The Orioles will be buyers in the coming weeks. They have a bevy of prospects in the upper minors to deal with. Young players being pulled apart from teammates who’ve grown close is commonplace during the peak of trade season. Beavers and Wagner know better than anyone they aren’t excluded from that possibility.

“You get really close to these guys,” Beavers said. “Unfortunately in baseball, most likely we’ll end up on different teams, apart. But it’s nice to build those bonds that will probably last for a really long time.”

The Orioles are in need of pitching. Four hurlers underwent elbow surgeries in June, three of them season-ending, and other arms have shown cracks that could doom the Orioles’ World Series aspirations.

July 30 will mark the second trade deadline that the Orioles will likely use their prospect capital for major league help. Last year, they dealt Triple-A infielder César Prieto and left-hander Drew Rom and Low-A right-hander Zack Showalter, at the time the organization’s Nos. 13, 15 and 16 prospects, respectively, according to Baseball America, for starting pitcher Jack Flaherty. The right-hander had a 6.75 ERA in nine games over the Orioles’ final stretch and made just one appearance in the postseason.

Executive vice president and general manager Mike Elias said earlier this season the Orioles are “in contact with other teams” regarding pitching help. In June, he added what he’ll ultimately do is “driven so much by who’s selling and which players are available and what are they asking for.”

Baltimore, a World Series contender with perhaps the league’s best crop of prospects and clear roster holes, will power that market. Beavers and Wagner, the club’s 10th- and 14th-ranked prospects, respectively, could be parts of a package to make such a move.

They’ve been together almost exactly every step of the way in their rise through the minor leagues. They were chosen within 10 spots of each other in the 2022 draft, Baltimore’s second and third selections behind Jackson Holliday. They were added to Low-A Delmarva’s roster and promoted to High-A Aberdeen on the same days later that year, then moved to Bowie within the same week in August.

That shared journey brought Beavers, an outfielder from California, and Wagner, an infielder from Wisconsin, together.

“We go through the same stuff.

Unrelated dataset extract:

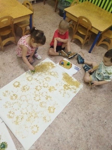 Для этого можно применять, например, пробочку, поролоновый тампон, обратную сторону карандаша, ладошку. Также в качестве печатных штампов используют природные материалы: шишки, мох, колоски различных трав, листья.

We understand if I’m going good and he’s struggling, I know what it’s like and vice versa,” Beavers said. “It’s nice to have somebody you can bounce ideas off of and see it from a different set of eyes. Most of the time when we’re away from the field, we’re not really talking about baseball. So it’s also nice to get away from that and do other stuff.”

This season, however, hasn’t unfolded like the last two.

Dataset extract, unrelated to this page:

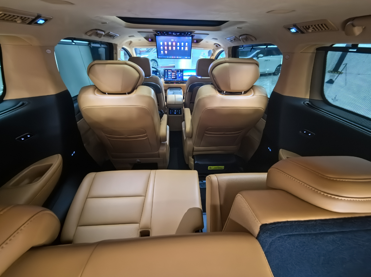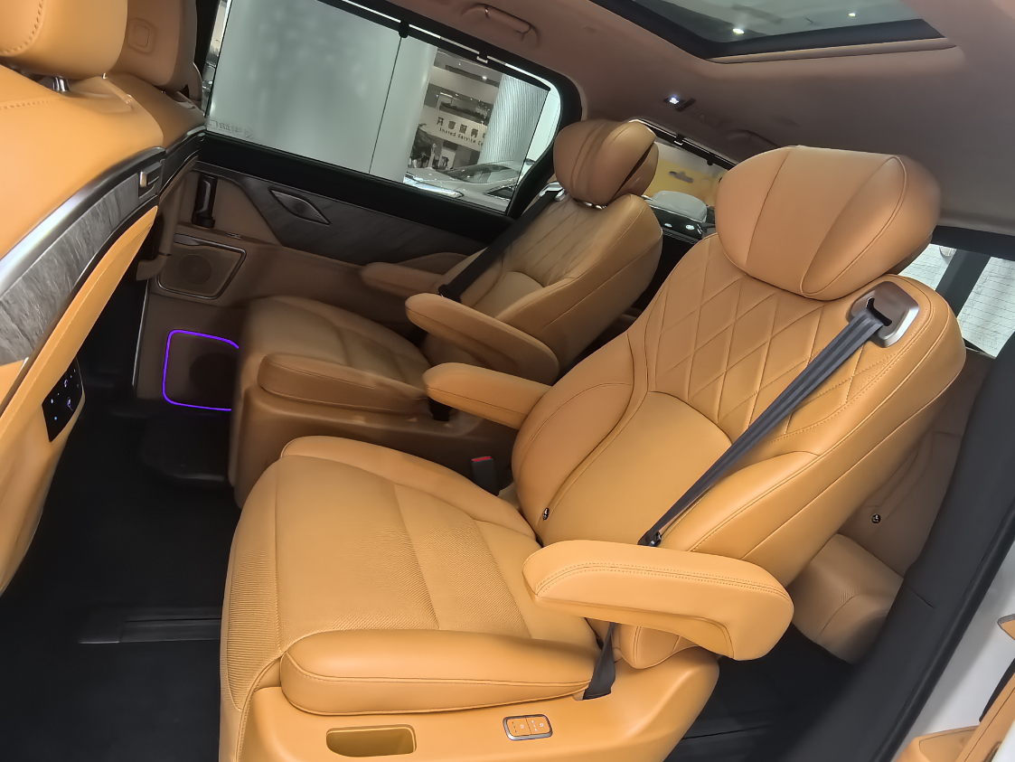 进入车内,MPV重点是第二排,两张独立航空座椅采用Nappa真皮材质,提供加热、通风、按摩、腿托等功能,并且还有收纳小桌板、17.3英寸后排娱乐屏、12.5L智能冷暖冰箱,满足主流用户的多元化需求。

Beavers entered 2024 looking to add more power to his approach. He has a target OPS to maintain — between .850 and .900 — and emphasizes slugging percentage rather than on-base rate to achieve that.

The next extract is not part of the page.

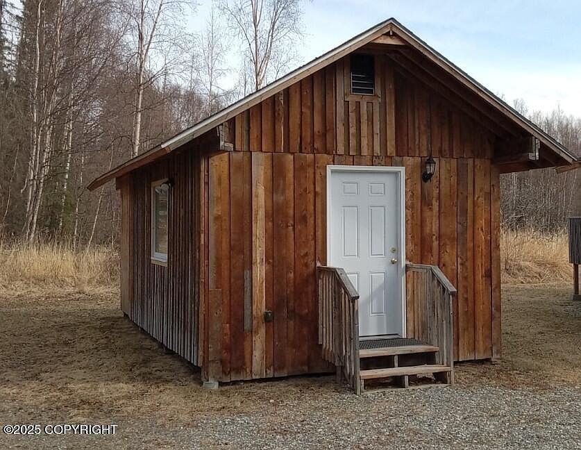 ** Complete Building Ready to Move Year-Round ** Quickly enhance your lot with this ready-to-move cabin or office! Finished w/ wood framing, electrical wiring, insulation, baseboard heat, recessed lights, & outdoor lights! Kitchenette-ready with range &countertop-height outlets! Approx 12x24, total of 280 sqft. Year-round moving estimate: $2.7k for 30 mi from Wasilla! Call for showing.Building only, no land. To be moved by buyer within 30 days of sale. Seller's estimate for moving from Brett's Auto Mover is available upon request. Varies with destination, $2,680 is for up to 30 miles, any time of year, additional $10 per mile plus any extra obstructions.

He worked on staying more balanced in his swing. Before, the outfielder kept too much weight on his back leg. Now, Beavers distributes it evenly and explodes forward with his front side. The 22-year-old had 11 home runs in 119 games last season. He’s already hit nine in 65 games this year.

Wagner spent his offseason not making mechanical adjustments, but working back from offseason surgery to repair a fractured hand. The 22-year-old is hitting just .109 with a .365 OPS in 19 games for Bowie this season. The infielder’s hand is no longer a hindrance, he said, but he’s now on the Baysox’s injured list with a lower back injury.

“Baseball’s not a very easy game,” Wagner said. “It’s not going to come back to you just like that. It’s going to take some time. I think that’s one thing I’ve had to realize. Even though I’ve played this game my whole life, it’s going to take some time to get back comfortable.”

Beavers and Wagner’s once-conjoined careers are splitting. They’re aware it’s unlikely they’ll play together for much longer, an unfortunate reminder that journeys for minor league players are rarely straightforward.

One could continue his rise to the majors while the other stumbles and never makes it. Or a deadline move could rip them apart. They’re prepared for either outcome. Afternoons on Lake Manatee provided ample time to begin a bond no transaction can erase.